T-SQL String Splitting Implementation Methods in SQL Server 2008 R2

Abstract: This article provides a comprehensive analysis of various technical approaches for implementing string splitting in SQL Server 2008 R2 environments. It focuses on user-defined functions based on WHILE loops, which demonstrate excellent compatibility and stability. Alternative solutions using number tables and recursive CTEs are also discussed, along with the built-in STRING_SPLIT function introduced in SQL Server 2016. Through complete code examples and performance comparisons, the article offers practical string splitting solutions for users of different SQL Server versions.

Introduction

String splitting is a common and essential requirement in database development, particularly when dealing with comma-separated list data that needs to be broken down into individual values. SQL Server 2008 R2, as a widely used database version, lacks built-in string splitting functions, necessitating developer-implemented solutions.

WHILE Loop Split Function Implementation

The user-defined function based on WHILE loops represents the most classic and stable string splitting method.
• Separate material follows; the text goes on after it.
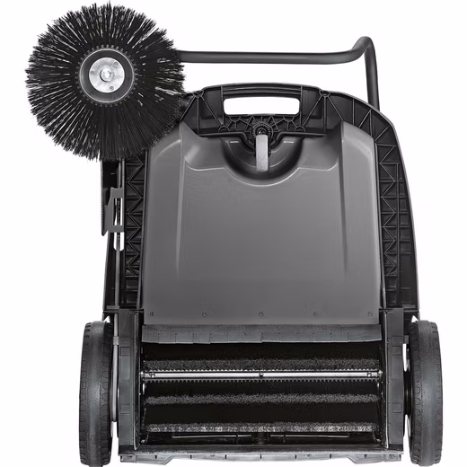 with side brushes The Kärcher KM 70/20 C manual sweeper makes cleaning surfaces virtually dust-free and effortless thanks to its filter, adjustable sweeping roller, and side brushes, whether indoors or outdoors. Its area coverage is seven times greater than with a broom. It is suitable for cleaning production, storage, and logistics halls, as well as loading areas. The sweeping roller can be adjusted to six different heights and, in combination with the continuously adjustable side brushes, achieves optimal cleaning results on various floor types. To protect the bristles, the sweeping roller and side brushes can also be completely unloaded. The dust filter cleans the exhaust air, thus minimizing dust generation during sweeping. The filter system is easily accessible, allowing for quick filter changes when needed. The height-adjustable push handle and the Home Base system for carrying additional equipment such as buckets or debris grabbers ensure ergonomic operation. This allows for the disposal of dust, dirt, and waste in a single step Other accessories can be kept within easy reach in a bag on the push handle. The KM 70/20 C sweeper can then be stored in a space-saving parking position.
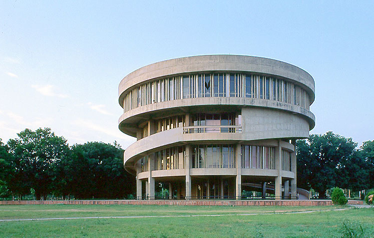 ル・コルビュジエ風の、パンジャーブ大学・学生会館 第14セクター、1960年代末、設計:B・P・マトゥール B・P・マトゥールはチャンディーガル設計チームの一員だった。のちに独立して、この建物を設計した。

This approach centers on iterating through the string, identifying delimiter positions, and extracting substrings sequentially.

CREATE FUNCTION dbo.splitstring ( @stringToSplit VARCHAR(MAX) )
RETURNS
 @returnList TABLE ([Name] [nvarchar] (500))
AS
BEGIN
 DECLARE @name NVARCHAR(255)
 DECLARE @pos INT

 WHILE CHARINDEX(',', @stringToSplit) > 0
 BEGIN
  SELECT @pos  = CHARINDEX(',', @stringToSplit)  
  SELECT @name = SUBSTRING(@stringToSplit, 1, @pos-1)

  INSERT INTO @returnList 
  SELECT @name

  SELECT @stringToSplit = SUBSTRING(@stringToSplit, @pos+1, LEN(@stringToSplit)-@pos)
 END

 INSERT INTO @returnList
 SELECT @stringToSplit

 RETURN
END

The function operates by first declaring necessary variables, including @name for storing the current substring and @pos for recording the delimiter position. Within the WHILE loop, the CHARINDEX function locates the comma position, followed by the SUBSTRING function extracting the substring preceding the comma. Each iteration inserts the extracted substring into the return table and updates the original string to the remaining portion. After the loop completes, the final substring is inserted into the return table.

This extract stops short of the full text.